There is a very sad postscript to this. Not many months later, the appointee was diagnosed with what proved to be terminal ovarian cancer. PC was at neither funeral nor memorial occasion. Of course not. Her cruelty to others, her self-rightous glee – was it? – at witnessing their discomfiture, her ruthless contempt for her victims, were of all a piece. And with this went ostentatious displays of magnanimity and/or comforting. I once witnessed her pulling a woman student to her breast in order to offer succour, as she did so glancing around to make sure her behaviour didn’t go unnoticed. ‘See.’ the gesture and glance said, ‘I’m all heart.’ (As a friend of mine, who also witnessed the moment, whispered to me, ‘Pass the sick bucket.’)
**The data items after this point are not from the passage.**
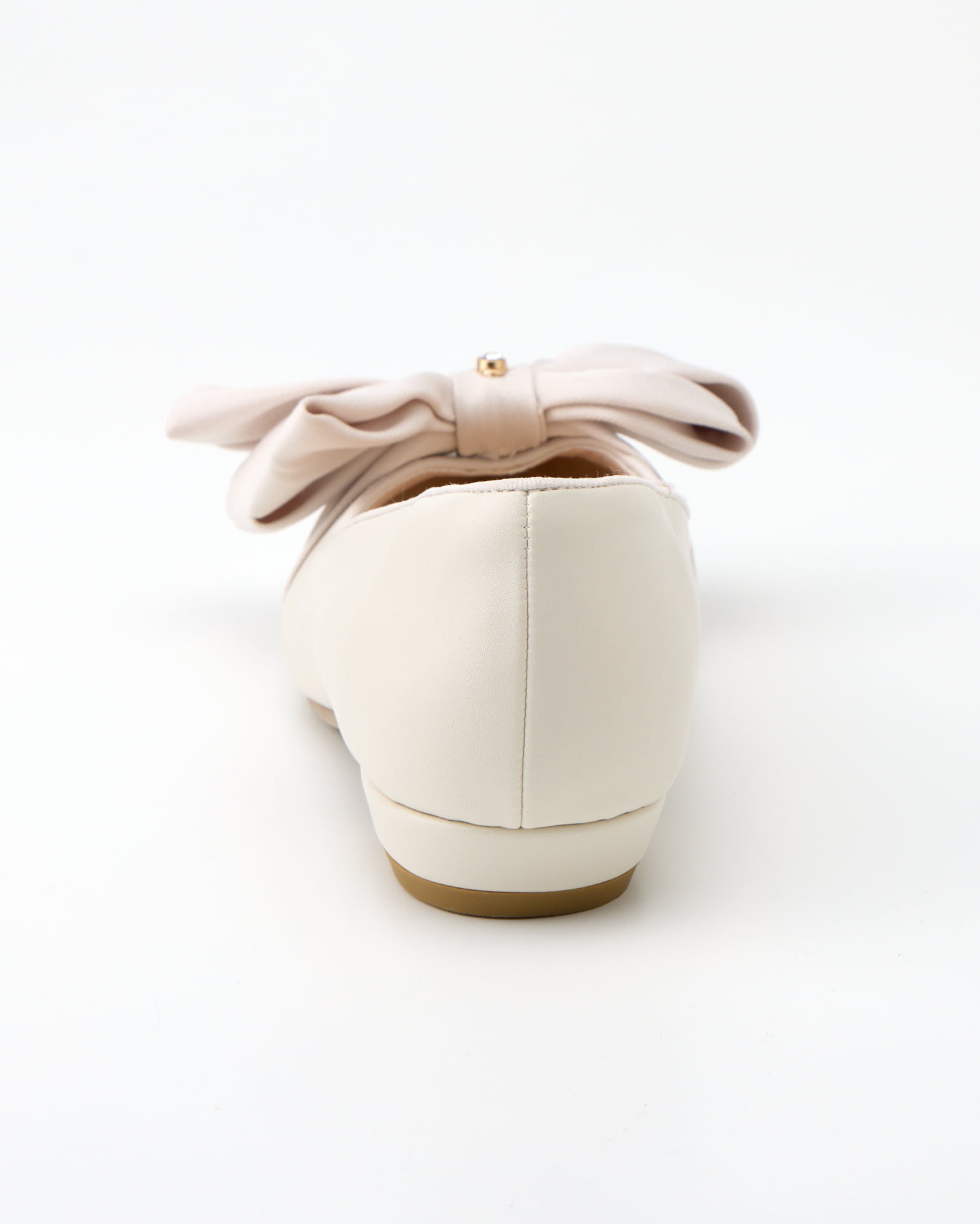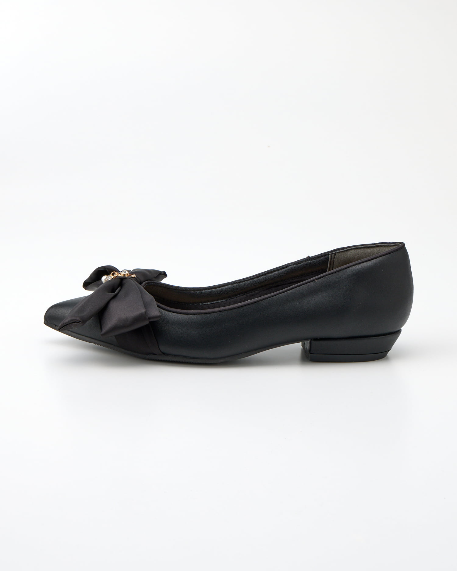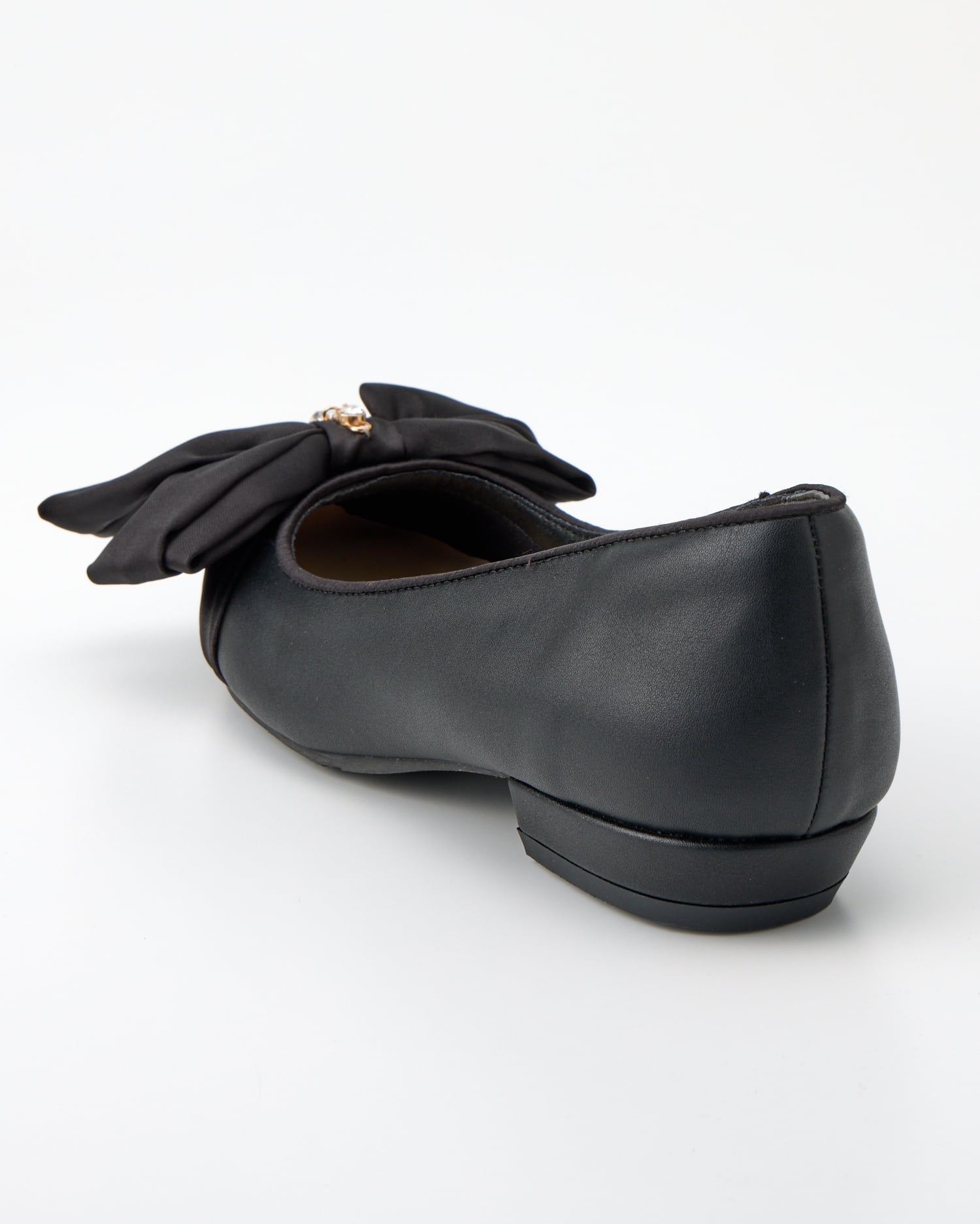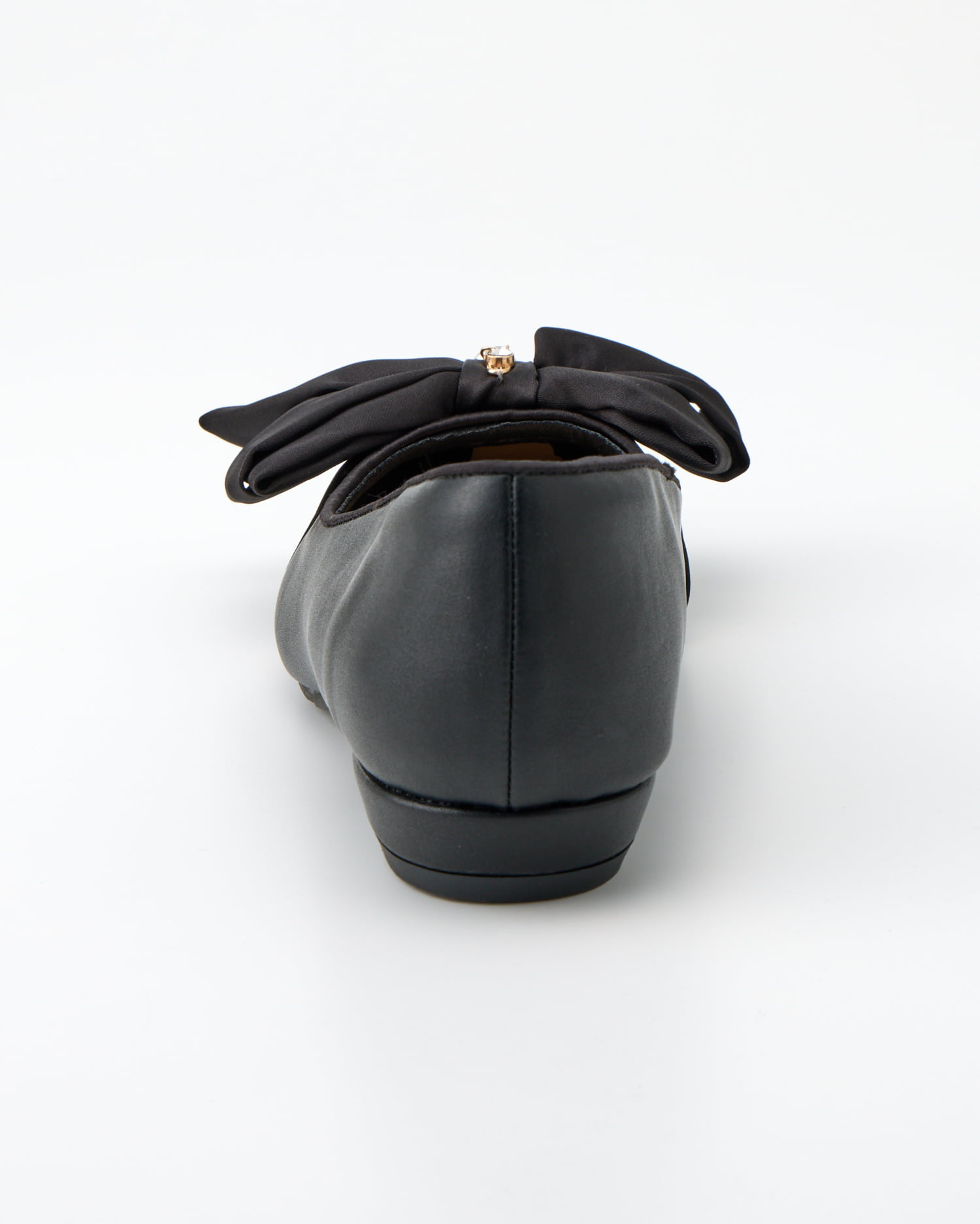 大人レディなぺたんこパンプスはアシンメトリーのリボンが印象的。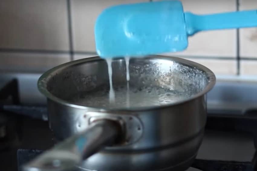 - Затем кастрюлю сразу пора ставить на средний огонь до полного растворения ингредиентов. Когда смесь закипит, нужно добавлять в нее краситель и размешивать до равномерного распределения.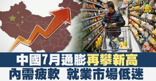 中國7月通膨再攀新高 內需疲軟 就業市場低迷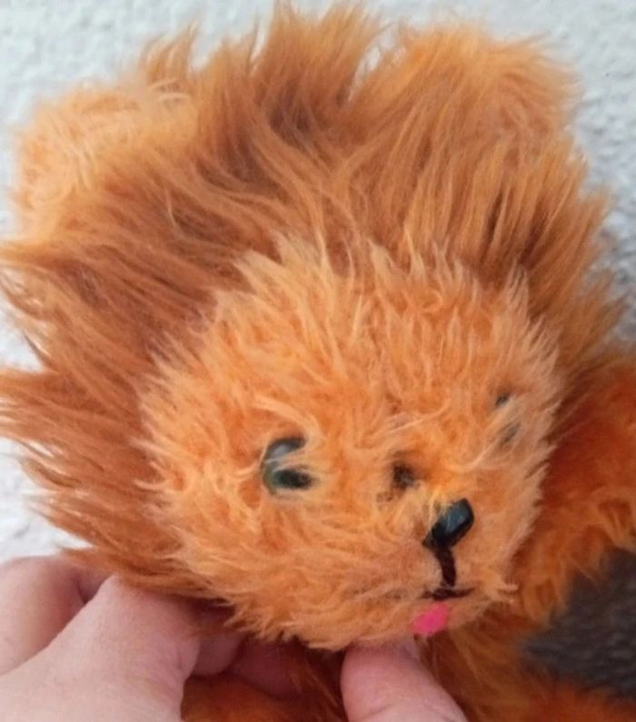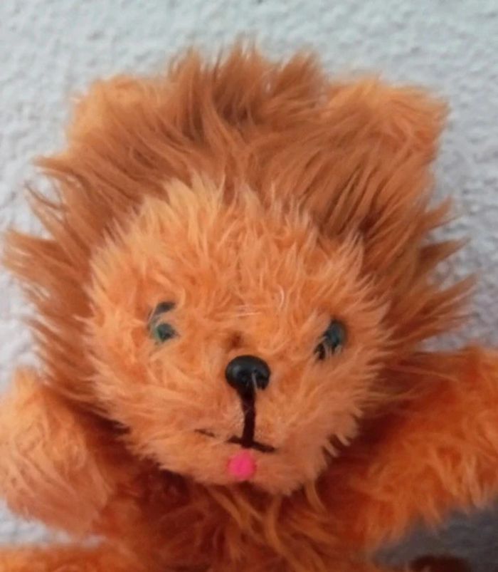 Vends cette peluche lion orange marron, yeux bleu vert, langue rose, 22 cm La peluche est en bon état mis à part nez à refixer, d'où le petit prix, vendu comme sur les différentes photos. Dans mon dressing, il y a d'autres peluches , des poupées , des Petshop, des Lego Duplo, des Playmobil, des Barbie et beaucoup de jeux et jouets vintage #nourriture06_peluche_vintage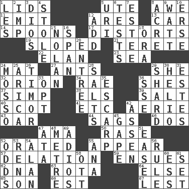 ACROSS 1. Hats (slang) 5. Shoshoni 8. Deep reverence 11. Give off 12. Ancient Greek god of war 13. 4-wheeled motor vehicle 14. Soup utensils 17. What propaganda does 19. Slanted 21. Cylindrical with tapered ends 22. Style 23. Ocean 24. Floor covering 27. Pismires 29. A female animal or person 32. Greek mythologigal hunter 34. Actress Charlotte 36. "______ My Girl" (Turtles hit) 37. Simple or foolish person 38. Raised railways 39. Table seasoning 40. Highlander 41. And so on (abbr.) 42. Nest on high 43. Boat paddle 44. Settles 46. Two (Sp.) 47. Housemaid (var.) 50. To erase 52. Declaimed 55. Seem 57. Accusation by an informer 59. Takes place subsequently 62. Heredity factor (abbr.) 63. Roll call or roster of names 64. Otherwise 65. Boy, to dad 66. Eastern Standard Time (abbr.) 67. For fear that DOWN 1. French article 2. Mischievous child 3. "Vaya con ____" 4. Fur scarf 5. RI univ. 6. Trials 7. First name in cosmetics 8. Measure of real estate 9. Electrical Unit 10. Celtic language 12. Find the sum of 15. Pitcher Ryan 16. Connect, as a bridge 18. Mouth or opening 20. Main course 24. With motion or animation 25. N. Chile seaport 26. The easternmost of the Lesser Sundas 28. Table seasonings 29. Broken piece 30. Sun: prefix 31. _____ Park, CO 33. Elect 35. Fortification 36. Compass dir. 42. NE Netherlands city 45. Stare wonderingly 47. _ moment's notice (2 wds.) 48. Distance measurement (Brit.) 49. Goodbye (Sp.) 51. Artist's stand 52. Likelihood 53. Western Nevada city 54. Actor Alda or Thicke 55. Santa ___, CA 56. General guideline 58. Baseball player Mel 60. Curvy letter 61. Put into a specified state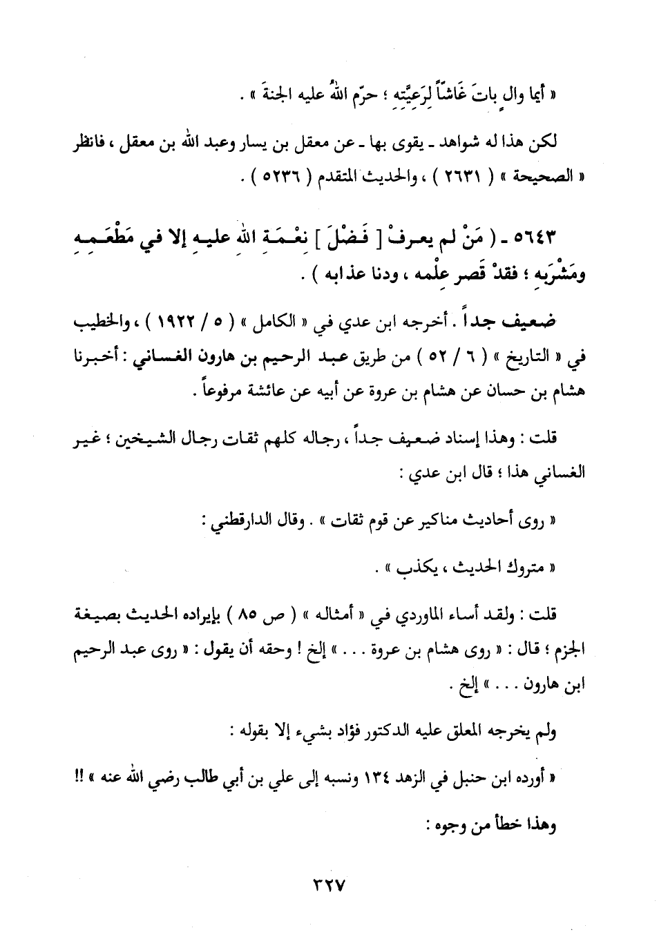 قلت: ولقد أساء الماوردي في أمثاله (ص 85) بإيراده الحديث بصيغة الجزم، فقال: (روى هشام بن عروة. . .) إلخ! وحقه أن يقول: (روى عبد الرحيم ابن هارون. . .) إلخ.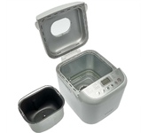 Хлебопечка Мощность 550 Вт Размер буханки 700/900 г 13 программ приготовления: 1. Основной режим 2. Быстрый хлеб I 3. Французский хлеб 4. Быстрый хлеб II 5. Цельнозерновой хлеб 6. Кекс/Пирог 7. Тесто 8. Выпекание 9. Хлеб для сэндвичей 10. Джем 11. Вымешивание теста 12. Безглютеновый хлеб 13. Пекарь Выбор цвета корочки: светлая, средняя, темная Чаша с антипригарным покрытием Окно для наблюдения за процессом приготовления LED дисплей В комплекте: мерный стаканчик, мерная ложка, крючок Таймер отсрочки запуска до 13 часов Функция памяти на 10 минут Поддержание температуры в течение 1 часа Напряжение: 220-240 В, 50-60 Гц Состав (материал): пластмасса, металл

And yet, assuming PC’s behaviour to be prompted by her being on the psychopathic spectrum, we perhaps have no alternative but to accept such behaviour as genuine, though I doubt whether the author of A Physical Education would much care one way or the other. Nor should he. The damage Professor Caligula did to others was considerable and sometimes lasting. When in 1819 the Duke of Wellington called Castlereagh into his Cabinet office in order to tell him ‘I feel bound to inform you that you are out of your mind,’ Castlereagh, so the story goes, having replied ‘If you say so, it must be so,’ went outside and immediately cut his own throat. Wellington would hardly have cared, any more than he did when the Duke of Pembroke, riding beside him at Waterloo, reported aghast ‘By Jove, my leg’s been shot off.’ ‘By Jove, so it has,’ Wellington agreed.

It is the nature of the psychopathic personality to be unaware of, or at all events indifferent to, the suffering of others. In this wholly excellent book, Jonathan Taylor inevitably reports on much that might be thought of as calculated sadism, as well as other forms of behaviour that bullying either permits or encourages. He also includes a number of photographs of himself as infant and young boy, including some which hint at or as good as declare the vulnerable innocence of any child before the power of bullying has become an inextricable part of our experience. And all this is enclosed in an utterly compelling account of a subject that is inevitably and – unavoidably – of interest to us all.